Data in this exercise:
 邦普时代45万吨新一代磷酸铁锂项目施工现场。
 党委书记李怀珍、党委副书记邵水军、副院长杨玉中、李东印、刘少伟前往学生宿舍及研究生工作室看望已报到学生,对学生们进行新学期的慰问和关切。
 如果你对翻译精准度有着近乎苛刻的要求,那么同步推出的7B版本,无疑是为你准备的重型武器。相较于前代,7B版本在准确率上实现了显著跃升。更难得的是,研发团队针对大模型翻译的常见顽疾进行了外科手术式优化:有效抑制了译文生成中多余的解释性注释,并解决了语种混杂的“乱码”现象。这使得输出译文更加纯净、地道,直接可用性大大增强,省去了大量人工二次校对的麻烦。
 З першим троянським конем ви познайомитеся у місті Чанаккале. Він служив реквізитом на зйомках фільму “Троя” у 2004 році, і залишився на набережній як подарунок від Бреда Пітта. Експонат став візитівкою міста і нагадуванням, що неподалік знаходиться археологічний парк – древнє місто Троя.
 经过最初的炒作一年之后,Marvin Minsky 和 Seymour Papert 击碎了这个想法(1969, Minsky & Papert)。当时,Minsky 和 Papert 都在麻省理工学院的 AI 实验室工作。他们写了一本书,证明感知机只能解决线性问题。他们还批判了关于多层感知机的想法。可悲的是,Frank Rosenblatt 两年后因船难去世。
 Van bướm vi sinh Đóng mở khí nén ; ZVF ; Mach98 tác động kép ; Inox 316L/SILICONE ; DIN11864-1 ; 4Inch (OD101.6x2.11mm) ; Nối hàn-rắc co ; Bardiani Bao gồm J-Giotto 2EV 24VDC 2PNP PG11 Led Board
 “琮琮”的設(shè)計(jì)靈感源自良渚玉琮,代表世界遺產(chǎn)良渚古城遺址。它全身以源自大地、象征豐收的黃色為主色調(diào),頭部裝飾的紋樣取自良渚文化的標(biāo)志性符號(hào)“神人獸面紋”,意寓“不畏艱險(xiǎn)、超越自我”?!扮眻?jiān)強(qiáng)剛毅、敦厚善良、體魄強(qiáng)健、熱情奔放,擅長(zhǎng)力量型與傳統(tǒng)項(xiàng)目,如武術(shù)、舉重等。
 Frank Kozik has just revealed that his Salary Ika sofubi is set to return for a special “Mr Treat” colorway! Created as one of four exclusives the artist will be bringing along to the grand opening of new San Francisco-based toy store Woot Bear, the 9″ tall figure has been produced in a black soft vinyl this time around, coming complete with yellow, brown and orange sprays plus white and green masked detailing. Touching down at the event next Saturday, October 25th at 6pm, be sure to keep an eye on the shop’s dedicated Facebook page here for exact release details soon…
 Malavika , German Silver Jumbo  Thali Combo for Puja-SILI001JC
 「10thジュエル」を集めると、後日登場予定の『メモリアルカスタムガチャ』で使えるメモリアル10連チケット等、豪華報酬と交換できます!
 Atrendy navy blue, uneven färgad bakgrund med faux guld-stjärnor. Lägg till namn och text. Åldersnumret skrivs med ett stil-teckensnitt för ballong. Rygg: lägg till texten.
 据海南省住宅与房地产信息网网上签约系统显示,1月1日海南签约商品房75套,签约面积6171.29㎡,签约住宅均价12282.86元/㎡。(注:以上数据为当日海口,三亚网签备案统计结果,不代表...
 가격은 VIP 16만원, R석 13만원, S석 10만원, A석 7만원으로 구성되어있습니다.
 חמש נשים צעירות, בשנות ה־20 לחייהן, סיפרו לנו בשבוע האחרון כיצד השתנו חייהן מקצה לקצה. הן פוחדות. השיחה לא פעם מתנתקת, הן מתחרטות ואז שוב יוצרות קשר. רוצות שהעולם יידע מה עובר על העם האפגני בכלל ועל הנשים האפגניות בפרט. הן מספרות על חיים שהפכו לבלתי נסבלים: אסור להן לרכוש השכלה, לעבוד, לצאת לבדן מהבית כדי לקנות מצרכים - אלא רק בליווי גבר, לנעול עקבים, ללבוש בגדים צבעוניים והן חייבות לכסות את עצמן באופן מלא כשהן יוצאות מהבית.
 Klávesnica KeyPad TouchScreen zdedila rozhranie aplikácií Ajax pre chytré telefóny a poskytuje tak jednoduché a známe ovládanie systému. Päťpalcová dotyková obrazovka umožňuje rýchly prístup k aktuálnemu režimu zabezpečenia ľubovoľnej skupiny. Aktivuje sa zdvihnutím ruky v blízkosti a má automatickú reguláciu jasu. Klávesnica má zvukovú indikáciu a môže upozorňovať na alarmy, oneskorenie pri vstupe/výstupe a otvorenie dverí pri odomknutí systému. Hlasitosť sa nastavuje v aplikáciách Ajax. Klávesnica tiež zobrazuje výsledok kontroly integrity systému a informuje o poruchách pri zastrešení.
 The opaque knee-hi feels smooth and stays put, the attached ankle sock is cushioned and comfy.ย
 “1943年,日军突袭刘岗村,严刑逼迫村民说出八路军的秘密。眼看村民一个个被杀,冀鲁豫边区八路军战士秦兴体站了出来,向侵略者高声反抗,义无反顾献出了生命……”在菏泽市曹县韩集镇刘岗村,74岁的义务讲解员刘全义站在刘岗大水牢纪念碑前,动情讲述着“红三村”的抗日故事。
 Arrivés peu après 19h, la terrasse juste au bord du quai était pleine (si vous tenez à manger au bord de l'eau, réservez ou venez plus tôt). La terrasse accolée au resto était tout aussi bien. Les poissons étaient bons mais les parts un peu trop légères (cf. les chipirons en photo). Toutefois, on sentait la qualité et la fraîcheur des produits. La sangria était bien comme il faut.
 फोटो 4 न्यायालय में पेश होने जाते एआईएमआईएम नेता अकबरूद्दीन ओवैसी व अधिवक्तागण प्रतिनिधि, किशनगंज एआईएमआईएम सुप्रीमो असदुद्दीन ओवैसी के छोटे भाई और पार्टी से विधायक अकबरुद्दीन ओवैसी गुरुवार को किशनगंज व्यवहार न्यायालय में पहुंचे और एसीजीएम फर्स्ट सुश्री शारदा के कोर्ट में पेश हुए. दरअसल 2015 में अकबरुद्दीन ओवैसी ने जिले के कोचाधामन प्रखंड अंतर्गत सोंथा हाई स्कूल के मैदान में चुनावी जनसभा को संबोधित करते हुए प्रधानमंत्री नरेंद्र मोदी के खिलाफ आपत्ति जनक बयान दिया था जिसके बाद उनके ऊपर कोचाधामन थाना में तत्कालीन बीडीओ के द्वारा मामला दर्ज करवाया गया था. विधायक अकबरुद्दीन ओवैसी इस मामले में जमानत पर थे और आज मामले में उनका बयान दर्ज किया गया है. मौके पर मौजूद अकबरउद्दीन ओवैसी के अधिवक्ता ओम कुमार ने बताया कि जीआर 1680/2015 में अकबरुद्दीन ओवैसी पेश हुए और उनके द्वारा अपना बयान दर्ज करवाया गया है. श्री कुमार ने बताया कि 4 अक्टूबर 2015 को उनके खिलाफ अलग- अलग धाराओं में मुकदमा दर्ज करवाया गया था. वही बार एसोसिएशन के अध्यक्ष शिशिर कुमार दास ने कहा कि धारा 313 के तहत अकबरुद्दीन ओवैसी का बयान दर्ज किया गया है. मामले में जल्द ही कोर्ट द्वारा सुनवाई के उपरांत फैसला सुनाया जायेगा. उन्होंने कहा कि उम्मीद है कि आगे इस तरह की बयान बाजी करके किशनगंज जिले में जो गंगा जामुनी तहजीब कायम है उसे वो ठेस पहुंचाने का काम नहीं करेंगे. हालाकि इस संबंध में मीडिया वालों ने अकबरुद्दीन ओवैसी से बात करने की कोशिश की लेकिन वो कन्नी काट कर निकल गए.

To do: Your answer should be one number: the count of lines in the data above that include the word "plus".

Answer: 2